Your job is to copy all the entries precisely as they stand.

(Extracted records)
■ ■ ■ ■ ■
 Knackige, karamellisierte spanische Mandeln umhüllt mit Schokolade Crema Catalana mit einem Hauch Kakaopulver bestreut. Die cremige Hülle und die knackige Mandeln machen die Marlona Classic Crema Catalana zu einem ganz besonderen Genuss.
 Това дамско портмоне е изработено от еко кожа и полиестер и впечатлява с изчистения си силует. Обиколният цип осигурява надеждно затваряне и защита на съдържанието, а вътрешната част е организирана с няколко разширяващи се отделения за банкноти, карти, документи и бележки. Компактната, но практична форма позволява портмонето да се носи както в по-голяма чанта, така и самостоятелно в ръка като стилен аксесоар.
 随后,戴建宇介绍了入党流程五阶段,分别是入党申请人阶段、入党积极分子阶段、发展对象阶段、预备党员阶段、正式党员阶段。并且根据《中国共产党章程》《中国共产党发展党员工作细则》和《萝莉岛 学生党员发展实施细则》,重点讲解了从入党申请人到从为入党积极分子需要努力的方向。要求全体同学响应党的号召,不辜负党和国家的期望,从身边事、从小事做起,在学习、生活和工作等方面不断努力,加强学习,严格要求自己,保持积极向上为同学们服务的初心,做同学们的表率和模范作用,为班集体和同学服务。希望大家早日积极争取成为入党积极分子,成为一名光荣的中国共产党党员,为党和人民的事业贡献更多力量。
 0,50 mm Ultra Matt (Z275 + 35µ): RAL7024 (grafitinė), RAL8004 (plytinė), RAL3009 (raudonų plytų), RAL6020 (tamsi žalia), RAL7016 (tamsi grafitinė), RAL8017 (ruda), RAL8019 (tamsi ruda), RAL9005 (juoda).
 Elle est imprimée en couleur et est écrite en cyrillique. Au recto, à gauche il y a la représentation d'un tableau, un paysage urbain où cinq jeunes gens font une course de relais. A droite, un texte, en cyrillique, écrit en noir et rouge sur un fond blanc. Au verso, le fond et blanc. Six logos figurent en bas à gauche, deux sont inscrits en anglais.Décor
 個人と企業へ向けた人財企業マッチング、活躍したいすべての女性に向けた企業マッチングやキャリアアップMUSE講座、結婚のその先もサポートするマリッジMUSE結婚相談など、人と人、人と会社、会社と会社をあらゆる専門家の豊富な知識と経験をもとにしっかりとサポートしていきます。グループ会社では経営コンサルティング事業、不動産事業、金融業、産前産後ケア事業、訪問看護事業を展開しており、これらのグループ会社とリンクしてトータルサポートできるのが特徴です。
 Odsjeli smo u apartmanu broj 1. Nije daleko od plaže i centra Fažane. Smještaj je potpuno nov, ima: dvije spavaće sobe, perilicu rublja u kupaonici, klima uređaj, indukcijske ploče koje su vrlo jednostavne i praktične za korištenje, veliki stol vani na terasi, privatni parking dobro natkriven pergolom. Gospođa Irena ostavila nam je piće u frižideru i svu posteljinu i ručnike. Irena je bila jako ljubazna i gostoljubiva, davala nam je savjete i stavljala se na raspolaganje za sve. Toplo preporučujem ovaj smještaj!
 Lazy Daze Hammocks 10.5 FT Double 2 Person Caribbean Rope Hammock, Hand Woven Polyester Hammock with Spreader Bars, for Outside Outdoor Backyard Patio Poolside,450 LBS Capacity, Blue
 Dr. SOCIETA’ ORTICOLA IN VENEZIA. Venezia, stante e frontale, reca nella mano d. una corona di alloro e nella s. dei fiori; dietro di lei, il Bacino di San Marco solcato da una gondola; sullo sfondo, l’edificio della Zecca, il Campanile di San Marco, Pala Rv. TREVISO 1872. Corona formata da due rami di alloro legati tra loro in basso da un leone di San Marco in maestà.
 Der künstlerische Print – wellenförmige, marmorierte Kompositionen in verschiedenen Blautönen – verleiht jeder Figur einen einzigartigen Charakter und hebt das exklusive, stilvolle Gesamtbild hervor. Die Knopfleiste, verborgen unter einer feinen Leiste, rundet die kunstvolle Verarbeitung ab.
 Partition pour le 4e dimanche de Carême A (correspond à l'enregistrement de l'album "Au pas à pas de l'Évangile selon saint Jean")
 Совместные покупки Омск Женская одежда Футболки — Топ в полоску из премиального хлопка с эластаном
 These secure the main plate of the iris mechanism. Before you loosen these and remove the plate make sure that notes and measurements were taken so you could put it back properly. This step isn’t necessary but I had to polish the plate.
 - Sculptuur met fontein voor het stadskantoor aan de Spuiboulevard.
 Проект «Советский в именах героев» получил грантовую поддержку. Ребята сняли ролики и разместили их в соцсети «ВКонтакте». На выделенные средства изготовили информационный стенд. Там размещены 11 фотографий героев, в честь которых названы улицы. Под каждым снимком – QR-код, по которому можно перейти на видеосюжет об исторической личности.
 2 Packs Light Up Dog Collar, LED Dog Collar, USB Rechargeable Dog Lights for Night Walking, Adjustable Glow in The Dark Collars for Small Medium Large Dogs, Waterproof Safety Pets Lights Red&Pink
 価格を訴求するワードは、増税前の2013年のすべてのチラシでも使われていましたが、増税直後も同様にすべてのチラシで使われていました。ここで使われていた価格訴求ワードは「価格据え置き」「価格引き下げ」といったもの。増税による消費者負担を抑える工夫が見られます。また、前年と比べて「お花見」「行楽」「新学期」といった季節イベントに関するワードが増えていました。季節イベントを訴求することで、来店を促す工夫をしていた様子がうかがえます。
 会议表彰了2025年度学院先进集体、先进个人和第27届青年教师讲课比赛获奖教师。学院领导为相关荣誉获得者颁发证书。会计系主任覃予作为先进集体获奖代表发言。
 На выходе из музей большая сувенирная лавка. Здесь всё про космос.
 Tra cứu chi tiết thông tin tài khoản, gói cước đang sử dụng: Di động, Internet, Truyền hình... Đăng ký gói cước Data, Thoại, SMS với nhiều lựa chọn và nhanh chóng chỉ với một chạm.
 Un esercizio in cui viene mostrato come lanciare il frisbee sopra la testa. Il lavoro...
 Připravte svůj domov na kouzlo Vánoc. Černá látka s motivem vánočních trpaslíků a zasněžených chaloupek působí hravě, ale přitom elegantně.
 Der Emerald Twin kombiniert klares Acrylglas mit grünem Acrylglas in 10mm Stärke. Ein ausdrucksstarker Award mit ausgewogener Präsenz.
■ ■ ■ ■ ■
THE ANSWER:
 Knackige, karamellisierte spanische Mandeln umhüllt mit Schokolade Crema Catalana mit einem Hauch Kakaopulver bestreut. Die cremige Hülle und die knackige Mandeln machen die Marlona Classic Crema Catalana zu einem ganz besonderen Genuss.
 Това дамско портмоне е изработено от еко кожа и полиестер и впечатлява с изчистения си силует. Обиколният цип осигурява надеждно затваряне и защита на съдържанието, а вътрешната част е организирана с няколко разширяващи се отделения за банкноти, карти, документи и бележки. Компактната, но практична форма позволява портмонето да се носи както в по-голяма чанта, така и самостоятелно в ръка като стилен аксесоар.
 随后,戴建宇介绍了入党流程五阶段,分别是入党申请人阶段、入党积极分子阶段、发展对象阶段、预备党员阶段、正式党员阶段。并且根据《中国共产党章程》《中国共产党发展党员工作细则》和《萝莉岛 学生党员发展实施细则》,重点讲解了从入党申请人到从为入党积极分子需要努力的方向。要求全体同学响应党的号召,不辜负党和国家的期望,从身边事、从小事做起,在学习、生活和工作等方面不断努力,加强学习,严格要求自己,保持积极向上为同学们服务的初心,做同学们的表率和模范作用,为班集体和同学服务。希望大家早日积极争取成为入党积极分子,成为一名光荣的中国共产党党员,为党和人民的事业贡献更多力量。
 0,50 mm Ultra Matt (Z275 + 35µ): RAL7024 (grafitinė), RAL8004 (plytinė), RAL3009 (raudonų plytų), RAL6020 (tamsi žalia), RAL7016 (tamsi grafitinė), RAL8017 (ruda), RAL8019 (tamsi ruda), RAL9005 (juoda).
 Elle est imprimée en couleur et est écrite en cyrillique. Au recto, à gauche il y a la représentation d'un tableau, un paysage urbain où cinq jeunes gens font une course de relais. A droite, un texte, en cyrillique, écrit en noir et rouge sur un fond blanc. Au verso, le fond et blanc. Six logos figurent en bas à gauche, deux sont inscrits en anglais.Décor
 個人と企業へ向けた人財企業マッチング、活躍したいすべての女性に向けた企業マッチングやキャリアアップMUSE講座、結婚のその先もサポートするマリッジMUSE結婚相談など、人と人、人と会社、会社と会社をあらゆる専門家の豊富な知識と経験をもとにしっかりとサポートしていきます。グループ会社では経営コンサルティング事業、不動産事業、金融業、産前産後ケア事業、訪問看護事業を展開しており、これらのグループ会社とリンクしてトータルサポートできるのが特徴です。
 Odsjeli smo u apartmanu broj 1. Nije daleko od plaže i centra Fažane. Smještaj je potpuno nov, ima: dvije spavaće sobe, perilicu rublja u kupaonici, klima uređaj, indukcijske ploče koje su vrlo jednostavne i praktične za korištenje, veliki stol vani na terasi, privatni parking dobro natkriven pergolom. Gospođa Irena ostavila nam je piće u frižideru i svu posteljinu i ručnike. Irena je bila jako ljubazna i gostoljubiva, davala nam je savjete i stavljala se na raspolaganje za sve. Toplo preporučujem ovaj smještaj!
 Lazy Daze Hammocks 10.5 FT Double 2 Person Caribbean Rope Hammock, Hand Woven Polyester Hammock with Spreader Bars, for Outside Outdoor Backyard Patio Poolside,450 LBS Capacity, Blue
 Dr. SOCIETA’ ORTICOLA IN VENEZIA. Venezia, stante e frontale, reca nella mano d. una corona di alloro e nella s. dei fiori; dietro di lei, il Bacino di San Marco solcato da una gondola; sullo sfondo, l’edificio della Zecca, il Campanile di San Marco, Pala Rv. TREVISO 1872. Corona formata da due rami di alloro legati tra loro in basso da un leone di San Marco in maestà.
 Der künstlerische Print – wellenförmige, marmorierte Kompositionen in verschiedenen Blautönen – verleiht jeder Figur einen einzigartigen Charakter und hebt das exklusive, stilvolle Gesamtbild hervor. Die Knopfleiste, verborgen unter einer feinen Leiste, rundet die kunstvolle Verarbeitung ab.
 Partition pour le 4e dimanche de Carême A (correspond à l'enregistrement de l'album "Au pas à pas de l'Évangile selon saint Jean")
 Совместные покупки Омск Женская одежда Футболки — Топ в полоску из премиального хлопка с эластаном
 These secure the main plate of the iris mechanism. Before you loosen these and remove the plate make sure that notes and measurements were taken so you could put it back properly. This step isn’t necessary but I had to polish the plate.
 - Sculptuur met fontein voor het stadskantoor aan de Spuiboulevard.
 Проект «Советский в именах героев» получил грантовую поддержку. Ребята сняли ролики и разместили их в соцсети «ВКонтакте». На выделенные средства изготовили информационный стенд. Там размещены 11 фотографий героев, в честь которых названы улицы. Под каждым снимком – QR-код, по которому можно перейти на видеосюжет об исторической личности.
 2 Packs Light Up Dog Collar, LED Dog Collar, USB Rechargeable Dog Lights for Night Walking, Adjustable Glow in The Dark Collars for Small Medium Large Dogs, Waterproof Safety Pets Lights Red&Pink
 価格を訴求するワードは、増税前の2013年のすべてのチラシでも使われていましたが、増税直後も同様にすべてのチラシで使われていました。ここで使われていた価格訴求ワードは「価格据え置き」「価格引き下げ」といったもの。増税による消費者負担を抑える工夫が見られます。また、前年と比べて「お花見」「行楽」「新学期」といった季節イベントに関するワードが増えていました。季節イベントを訴求することで、来店を促す工夫をしていた様子がうかがえます。
 会议表彰了2025年度学院先进集体、先进个人和第27届青年教师讲课比赛获奖教师。学院领导为相关荣誉获得者颁发证书。会计系主任覃予作为先进集体获奖代表发言。
 На выходе из музей большая сувенирная лавка. Здесь всё про космос.
 Tra cứu chi tiết thông tin tài khoản, gói cước đang sử dụng: Di động, Internet, Truyền hình... Đăng ký gói cước Data, Thoại, SMS với nhiều lựa chọn và nhanh chóng chỉ với một chạm.
 Un esercizio in cui viene mostrato come lanciare il frisbee sopra la testa. Il lavoro...
 Připravte svůj domov na kouzlo Vánoc. Černá látka s motivem vánočních trpaslíků a zasněžených chaloupek působí hravě, ale přitom elegantně.
 Der Emerald Twin kombiniert klares Acrylglas mit grünem Acrylglas in 10mm Stärke. Ein ausdrucksstarker Award mit ausgewogener Präsenz.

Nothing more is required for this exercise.